In the new version of Adaptive DBSCAN, we have added a filering option that can used as below"

filters = {"col":["num_picks", "Lat", "Lat", "Lon", "Lon"],  #select column
           "op":['>', '>=', '<=', ">=", "<="],   # it is an string format like >, =, >=, !=
           "val":[3, 55, 70, -105, -70] #it can be string or digits}
N = 65 # number of cells like NxN
density = EQ_Density(N, data_file='YOUR_FILE_PATH', min_year=1900, max_year=2050, min_mag=1, max_mag=9,  filters=filters, map_extenion_value=0.1) #map_extension_value can used to extend the frame 

! Remember to appropriately configure filters such as min_year, max_year, and others in your catalogue. Setting these values correctly according to your dataset is crucial; failing to do so may result in partial or complete filtering out of your catalogue.

To test the program, you can download the test file from the GitHub repo and use decl_cat.csv as a database.

YOUR_FILE_PATH = 'decl_cat.csv'

! It should be noted that your dataset must have a header like below (order is not important but it is case-sensitive): Lat, Lon, (Depth,Year, Month, Mw) ! If you have more columns in your dataset, you do NOT need to remove them. Lat and Lon are essentail and they are case sensitive.

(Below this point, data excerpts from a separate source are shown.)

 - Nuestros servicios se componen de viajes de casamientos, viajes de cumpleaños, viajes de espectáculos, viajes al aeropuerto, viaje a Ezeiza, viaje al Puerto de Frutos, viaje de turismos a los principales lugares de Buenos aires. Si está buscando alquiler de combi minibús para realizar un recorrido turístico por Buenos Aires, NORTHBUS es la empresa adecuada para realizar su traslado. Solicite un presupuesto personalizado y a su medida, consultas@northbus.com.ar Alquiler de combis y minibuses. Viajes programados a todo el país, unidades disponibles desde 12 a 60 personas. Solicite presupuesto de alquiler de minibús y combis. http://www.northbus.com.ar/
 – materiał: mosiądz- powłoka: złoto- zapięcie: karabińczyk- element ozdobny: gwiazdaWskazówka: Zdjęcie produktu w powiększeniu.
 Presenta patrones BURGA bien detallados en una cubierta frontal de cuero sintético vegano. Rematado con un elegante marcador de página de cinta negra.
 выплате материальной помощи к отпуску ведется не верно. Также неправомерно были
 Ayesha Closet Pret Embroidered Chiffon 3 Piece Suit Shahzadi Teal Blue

running calc_density method:

heat_matrix = density.calc_density(minimum_density=10)  #setting the background value by minimum_density

In the command above, by adding minimum_density = ..., you can define the threshold for the minimum value of the density for each cell. The default value is 10.

plotting the density map:

density.plot_density()

a feature that can be used is smoothing the density map. This can be done by using the following method:

smoothed_heat_matrix = density.cell_smoother(apply_smooth=True)

! All the matrixes are saved physically in the folder 'Results' in two formats, PNG and CSV.

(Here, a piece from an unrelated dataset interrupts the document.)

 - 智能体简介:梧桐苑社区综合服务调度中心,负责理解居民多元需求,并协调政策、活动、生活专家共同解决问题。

------------------------------------------------------------------------------------

Phase2.

Now that you have the density map, you can run the Density-Adaptive DBSCAN algorithm. To do so, you need to define the following parameters:

radius = density.radius
density_file_name = "Results/den_decl_cat__65_smooth.csv"

! be careful to correctly name the density_file_name.

As can be seen above, the radius can be derived from the density class. now it is time to initiate the dbscan class and run the algorithm:

clustering = dbscan(radius, density_file_name)

Step below can take a few minutes to be done...

final = clustering.clustering()
clustering.plot_clusters()

If you have a shape file to plot it on the background, you can use it here.

clustering.plot_clusters(shape_file_address="data/ShapeFiles/World_Countries_Generalized.shp")

You can finally save the calculation results in a file by command below:

final.to_csv(f"Results/R__final.csv")

When plotting the clustered data, you have some options:

plot_clusters(self, **kwargs):
        """
        **kwargs:
        cmap_shp: str, default="grey"
            The colormap to use for the shape file in the background
        
        cmap_scatter: str, default="turbo"
            The colormap to use for the scatter plot
        
        shp_linewidth: float, default=2
            The linewidth of the shape file
        
        save_fig: bool, default=False
            Whether to save the figure or not, if so, it will be saved in the ExampleData folder
        
        save_fig_format: str, default="pdf"
            The format to save the figure in 
        
        shape_file_address: str, default=False
            The address of the shape file to plot in the background, you can use the World_Countries_Generalized.shp file in the ShapeFiles folder.
            shape_file_address="ShapeFiles/World_Countries_Generalized.shp"
        """

Reference

Sina Sabermahani, Andrew W. Frederiksen (2023), Improved Earthquake Clustering Using a Density‐Adaptive DBSCAN Algorithm: An Example from Iran. Seismological Research Letters, doi: https://doi-org.uml.idm.oclc.org/10.1785/0220220305

License

This project is licensed under the MIT License - see the MIT License file for details.

Project details


Download files

Download the file for your platform. If you're not sure which to choose, learn more about installing packages.

Source Distribution

adaptive_dbscan-0.3.2.tar.gz (8.0 kB view details)

Uploaded Source

Built Distribution

If you're not sure about the file name format, learn more about wheel file names.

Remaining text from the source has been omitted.